Отстав от нас всего на три дня, в удельную столицу прибыл посланник от боярина Годунова. Ждан организовал целый церемониал для получения обычной грамоты. Мне вообще стало заметно, что с момента нашего возвращения из Москвы Тучков завел при угличском дворе новые странные порядки.

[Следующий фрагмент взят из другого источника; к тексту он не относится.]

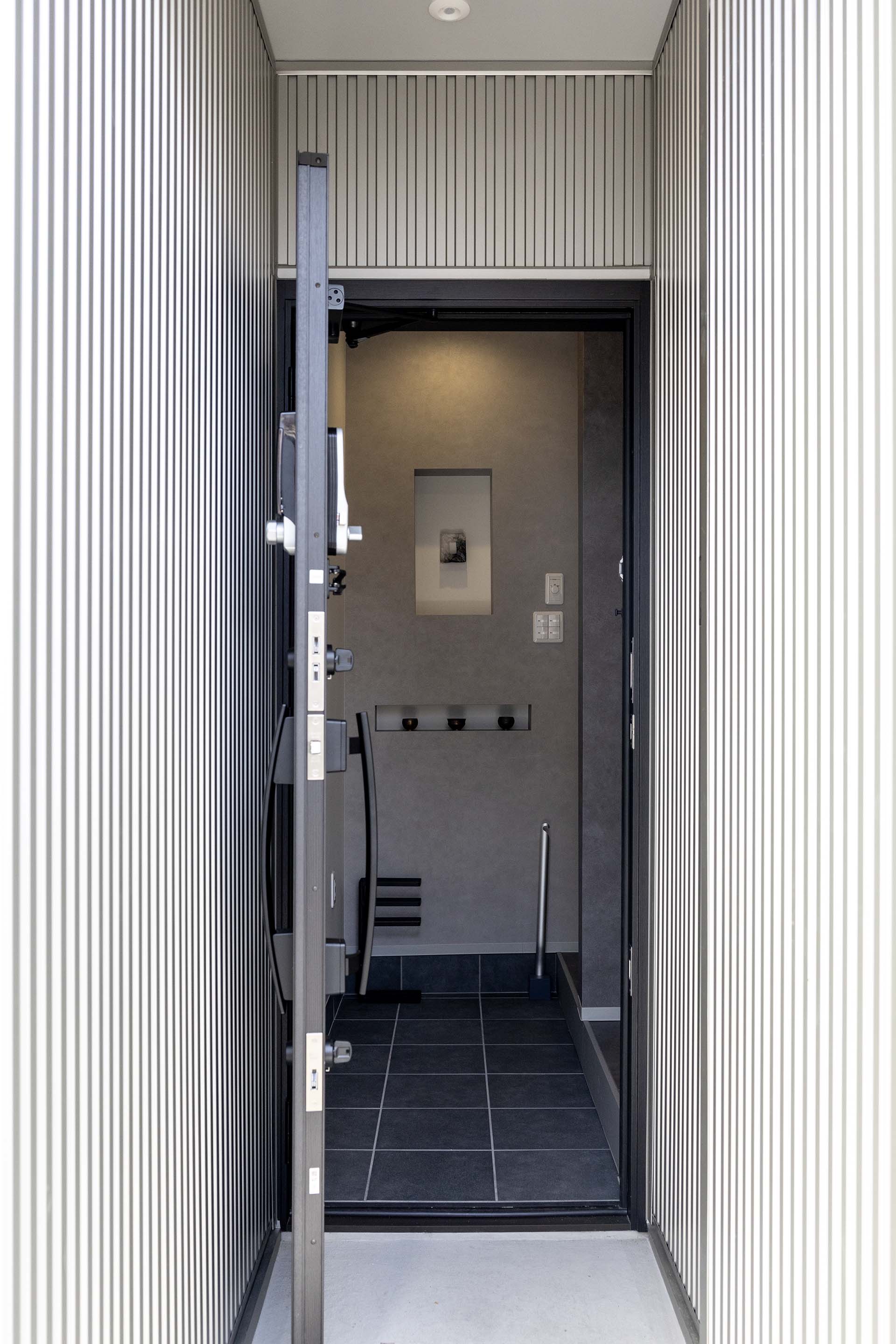 ※玄関出入口外側に屋外防犯カメラが設置しております。

— Чего ты при встрече вестника так надувался важно, да ко мне его для разговора не подпустил? — задал я своему дядьке прямой вопрос после ухода московского дворянина.

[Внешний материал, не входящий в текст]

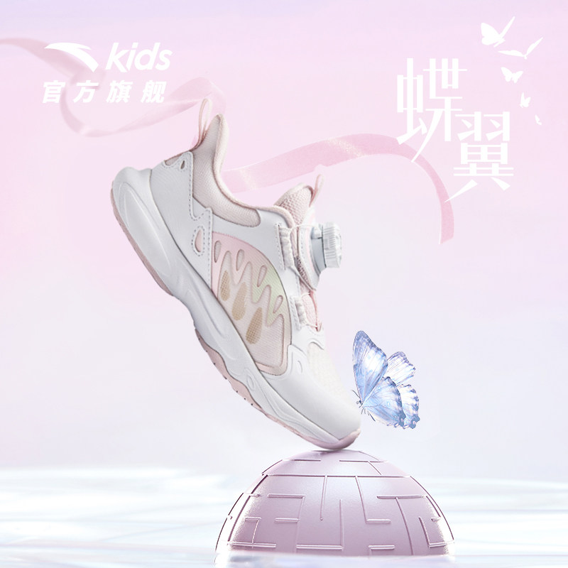 蝶翼安踏儿童女童休闲鞋小童春季专业运动鞋透气网面女宝休闲童鞋
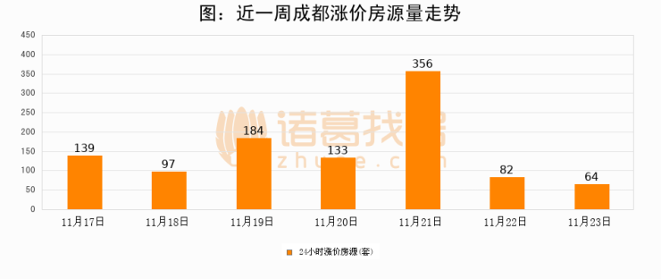 根据诸葛找房数据显示,成都24小时涨价房源量为64套,较11月22日减少18套,环比下降22%。与此同时,涨价房源占比小幅回落,对于购房者来说是一个入市窗口期,购房者可抓住时机入市。
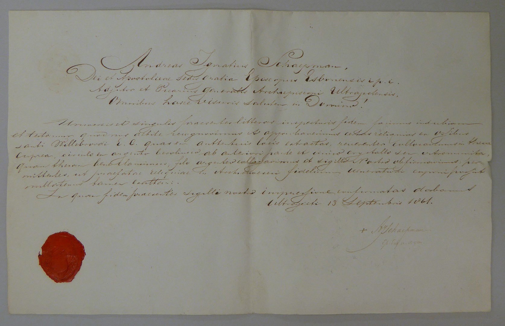Echtheidsverklaring bij reliek van H. Willibrordus, getekend door A.I. Schaepman
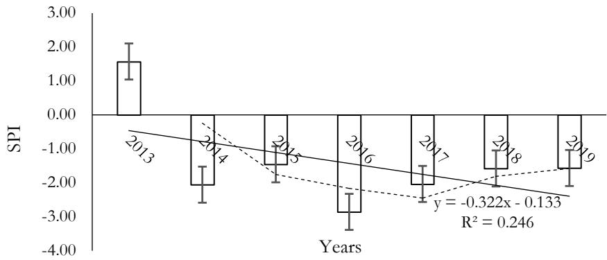 2010 (-0.50-mild dryness), 2011 (0.14-mild dryness and 2012 (-0.69-mild dryness). From 2013 to 2019, the SPI continued to decline below the average (Figure 12). It is also another dry decade.

— Прежде, мальцом, держали тебя по царскому чину, на то матери да дядьёв хотенье было. После отставили у нас сие, уже по-твоему прямому ведому. — объяснил своё поведение Ждан. — Яз не спорил, куда мне против государя своего лезть. Ныне же, как явили нам великую честь на Москве, не пристало более угличскому князю по-мужицки себя держать, оттого все державе поруха может статься.
— Какая честь? Какой державе? Ты чего, дядька, белены объелся?
— На наш двор бояре и дьяки думные приезжали? Приезжали, — начал терпеливо растолковывать мне Тучков. — Значит, ниже себя мнят, ну а кто у нас в государстве выше первых бояр и дьяков местом?
Про эти тонкости, кто к кому когда может поехать не уронив своей чести, я, в общем-то, знал, но почему то к себе не примеривал.
— Так государь Фёдор Иванович брат мне как-никак, — у меня после слов воспитателя тоскливо засосало под ложечкой.
— С прадеда твого царские братья по уделам сидели и на Москву без приглашенья великого князя не ездили. Мню яз, грешный, что приезжали думные люди на твою главу шапку Мономахову прикидывать.
— Ну и как по-твоему прошли смотрины? — вопрос прозвучал немного нервно.
— Дай Бог, ладно, — вздохнул Тучков. — Всё ж ныне в наших палатах стольник царёва двора с сеунчем, а не князь Иван Туренин или Андрей Замыцкий — Борисовы ближние душегубы.
Подобные речи про Годунова я уже слышал. Непонятно, содержалась в этих сплетнях правда или нет, но те опальные к кому приезжали упомянутые Жданом приставы странным образом не задерживались на этом свете. Кто из знатных ссыльных угорел, кто скончался от колик в животе — вот от таких совпадений и гуляли по стране страшные слухи.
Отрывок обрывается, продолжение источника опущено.